Exercise details -
Print the data below again in full, exactly as it stands, with no images.

Provided entries -

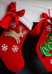 Le calze fatte di feltro sono abbastanza semplici da realizzare e sembreranno molto impressionanti. Inoltre, la scelta di questo materiale è dovuta anche al fatto che, a causa della sua densità, l'accessorio mantiene bene la sua forma e durerà a lungo, e l'arredamento può essere tagliato e cambiato in uno nuovo con l'avvento del prossimo anno. Per realizzare un prodotto in feltro, devi solo tagliare 2 parti identiche della calza e cucire le metà insieme usando una macchina da cucire o anche manualmente.
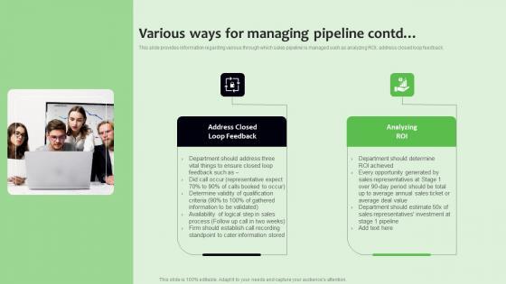This slide shows various ways to clean up sales pipeline for smooth operations. Ways mentioned in the slide are identify prospects, send sales breakup mail, regular review of pipeline etc. Presenting Ways To Clean Up Sales Pipeline Sales Funnel Management Strategies To Increase Sales Topics PDF to provide visual cues and insights. Share and navigate important information on four stages that need your due attention. This template can be used to pitch topics like Successful Deal, Determine Importance, Prospect Remove. In addtion, this PPT design contains high resolution images, graphics, etc, that are easily editable and available for immediate download.
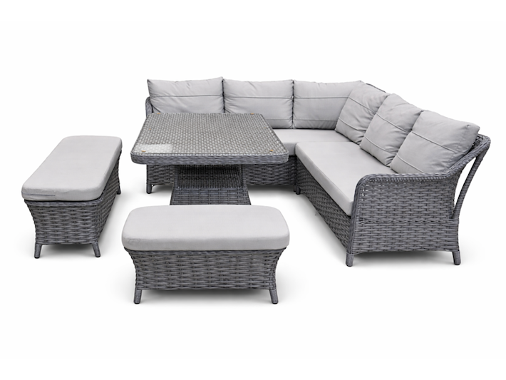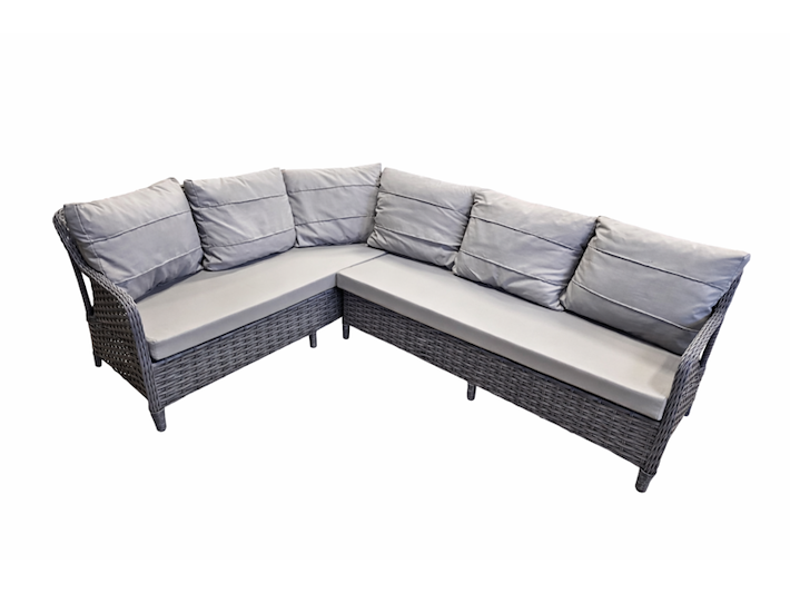 Product: Tuinset Kleur: grijs, antraciet Materiaal: aluminium frame, polyrotan, stof Afmeting: tafel: 142x82x70 bank: 175x247x80 poef 1: 78x45x48, poef 2: 138x45x48 Conditie: nieuw Specificaties: hoekbank 1 poef klein 1 poef groot tafel met glasplaat
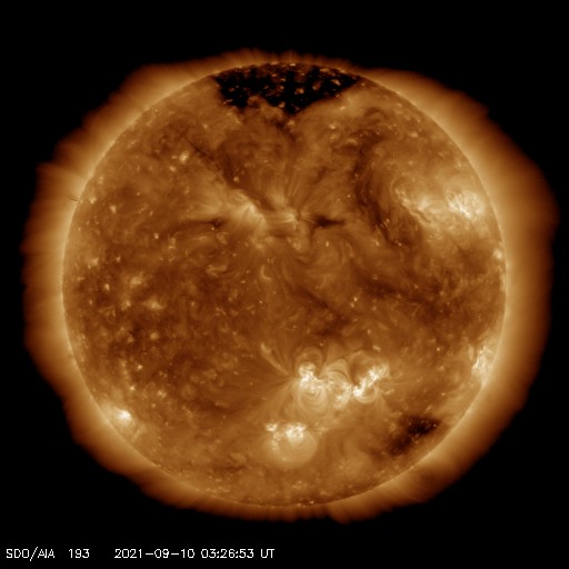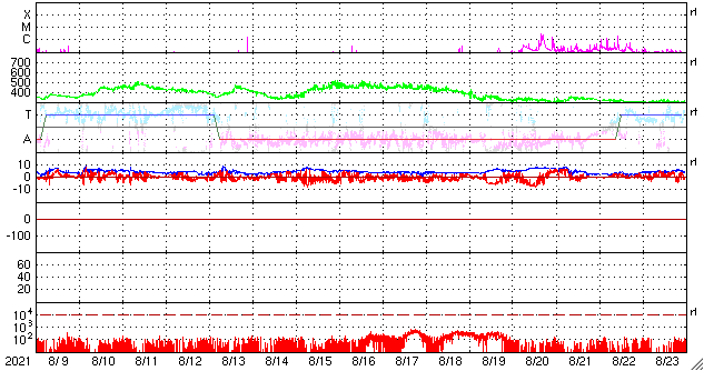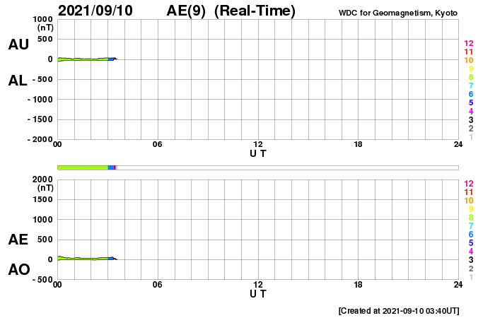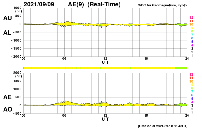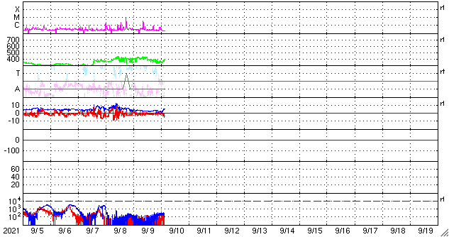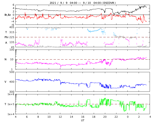 2021/ 9/10 12:39 更新 太陽風は低速になっています。磁気圏も概ね静穏です。 担当 篠原 太陽風の速度は、昨夜に400km/秒台を割り、 350〜370km/秒と低速の状態で推移しています。 (DSCOVRの速度グラフは、やや不安定になっています) 磁場強度は、3〜4nTとやや弱い状態から、 グラフの最後で5nTに少し上がっています。 値としては平均的な状態ですが、 この後の変化はどうなるでしょうか。 磁気圏は概ね静穏ですが、 AE指数は、100〜200nTの小さい変化が続いています。 太陽風磁場の南北成分が、 弱い南向きになっている影響でしょうか。 27日周期の図を見ると、 前周期は、8月15日から速度がやや高まっています。 この変化は2周期前も見えていました。 今回、9月11日以降にも同様の変化が現れるでしょうか。 太陽は、南東の新しい黒点に 2870群と番号が付けられています。 中心部南側の2866群で C3.5の小規模フレアが発生していますが、 その他は目立った変化はなく、 太陽は穏やかに推移しています。
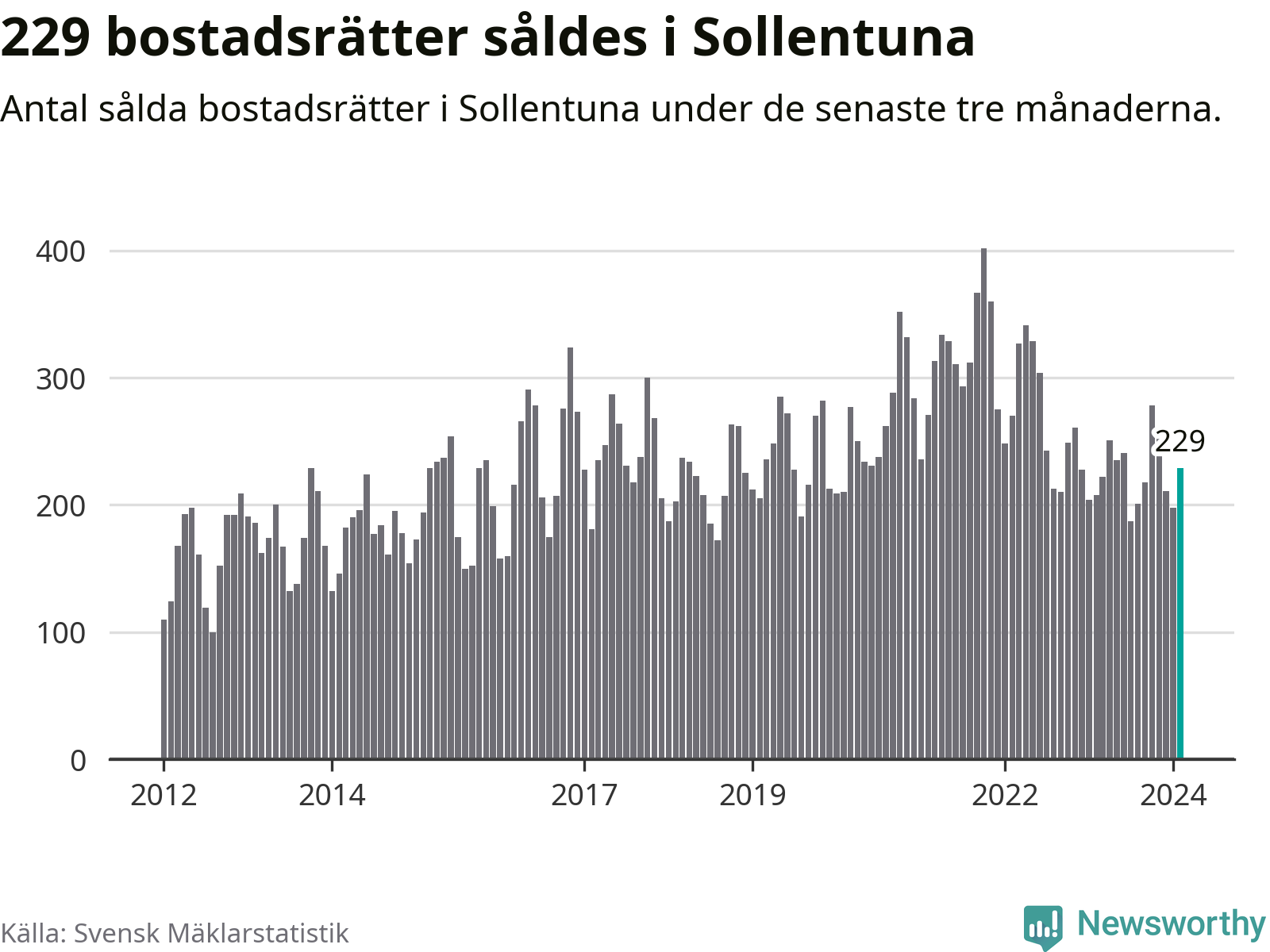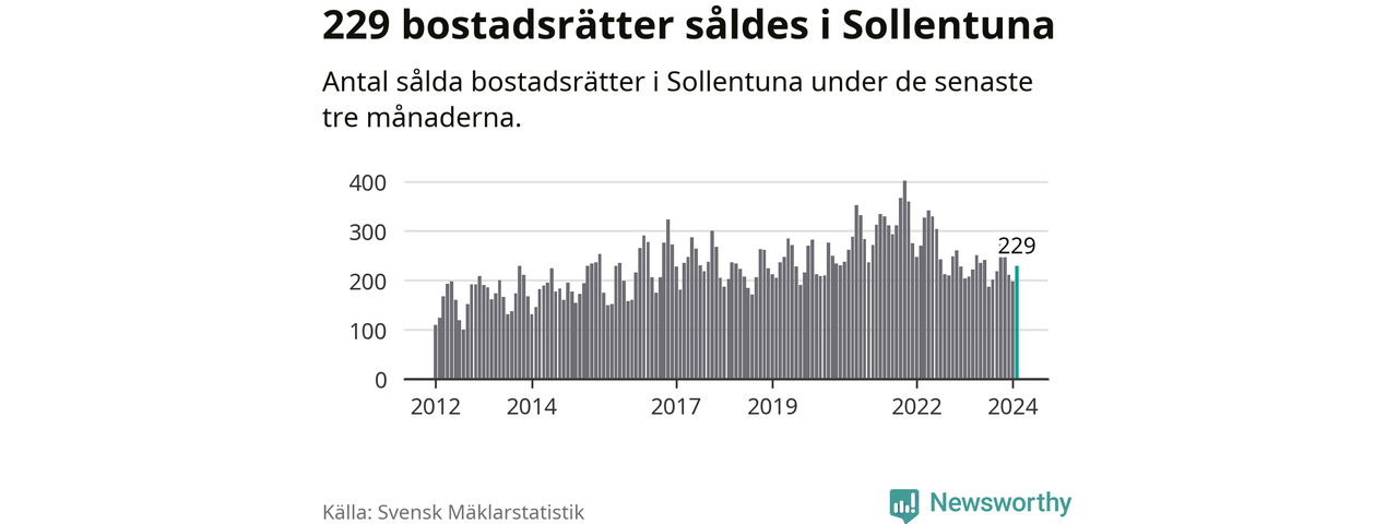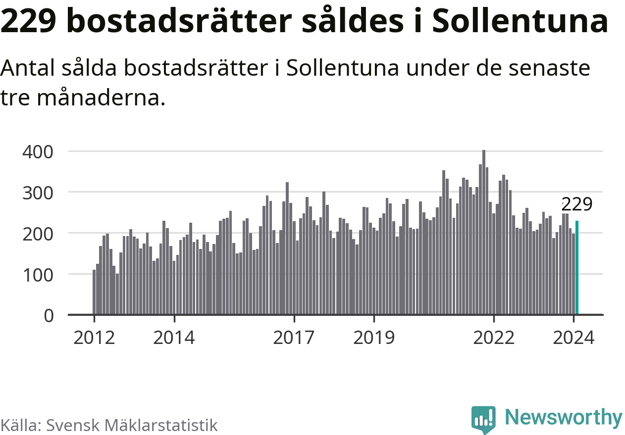 Sammanlagt såldes 229 bostadsrätter i Sollentuna kommun mellan december och februari till ett genomsnittligt pris på 3,0 miljoner kronor. I fjol gjordes 208 affärer vid den här tiden på året.
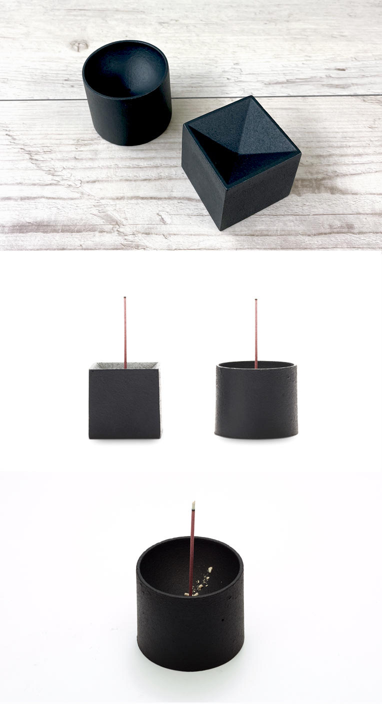 ミニマルな形ながらも、用途やお部屋の広さに合わせて2種類のお香を使い分けることができる2wayタイプのお香立です。
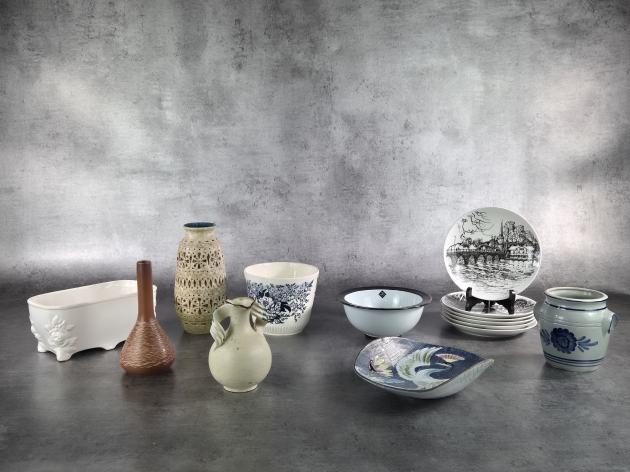 Upsala Ekeby vas: Höjd 16cm. Bruksslitage.

Solution to this task -
 Le calze fatte di feltro sono abbastanza semplici da realizzare e sembreranno molto impressionanti. Inoltre, la scelta di questo materiale è dovuta anche al fatto che, a causa della sua densità, l'accessorio mantiene bene la sua forma e durerà a lungo, e l'arredamento può essere tagliato e cambiato in uno nuovo con l'avvento del prossimo anno. Per realizzare un prodotto in feltro, devi solo tagliare 2 parti identiche della calza e cucire le metà insieme usando una macchina da cucire o anche manualmente.
This slide shows various ways to clean up sales pipeline for smooth operations. Ways mentioned in the slide are identify prospects, send sales breakup mail, regular review of pipeline etc. Presenting Ways To Clean Up Sales Pipeline Sales Funnel Management Strategies To Increase Sales Topics PDF to provide visual cues and insights. Share and navigate important information on four stages that need your due attention. This template can be used to pitch topics like Successful Deal, Determine Importance, Prospect Remove. In addtion, this PPT design contains high resolution images, graphics, etc, that are easily editable and available for immediate download.
 Product: Tuinset Kleur: grijs, antraciet Materiaal: aluminium frame, polyrotan, stof Afmeting: tafel: 142x82x70 bank: 175x247x80 poef 1: 78x45x48, poef 2: 138x45x48 Conditie: nieuw Specificaties: hoekbank 1 poef klein 1 poef groot tafel met glasplaat
 2021/ 9/10 12:39 更新 太陽風は低速になっています。磁気圏も概ね静穏です。 担当 篠原 太陽風の速度は、昨夜に400km/秒台を割り、 350〜370km/秒と低速の状態で推移しています。 (DSCOVRの速度グラフは、やや不安定になっています) 磁場強度は、3〜4nTとやや弱い状態から、 グラフの最後で5nTに少し上がっています。 値としては平均的な状態ですが、 この後の変化はどうなるでしょうか。 磁気圏は概ね静穏ですが、 AE指数は、100〜200nTの小さい変化が続いています。 太陽風磁場の南北成分が、 弱い南向きになっている影響でしょうか。 27日周期の図を見ると、 前周期は、8月15日から速度がやや高まっています。 この変化は2周期前も見えていました。 今回、9月11日以降にも同様の変化が現れるでしょうか。 太陽は、南東の新しい黒点に 2870群と番号が付けられています。 中心部南側の2866群で C3.5の小規模フレアが発生していますが、 その他は目立った変化はなく、 太陽は穏やかに推移しています。
 Sammanlagt såldes 229 bostadsrätter i Sollentuna kommun mellan december och februari till ett genomsnittligt pris på 3,0 miljoner kronor. I fjol gjordes 208 affärer vid den här tiden på året.
 ミニマルな形ながらも、用途やお部屋の広さに合わせて2種類のお香を使い分けることができる2wayタイプのお香立です。
 Upsala Ekeby vas: Höjd 16cm. Bruksslitage.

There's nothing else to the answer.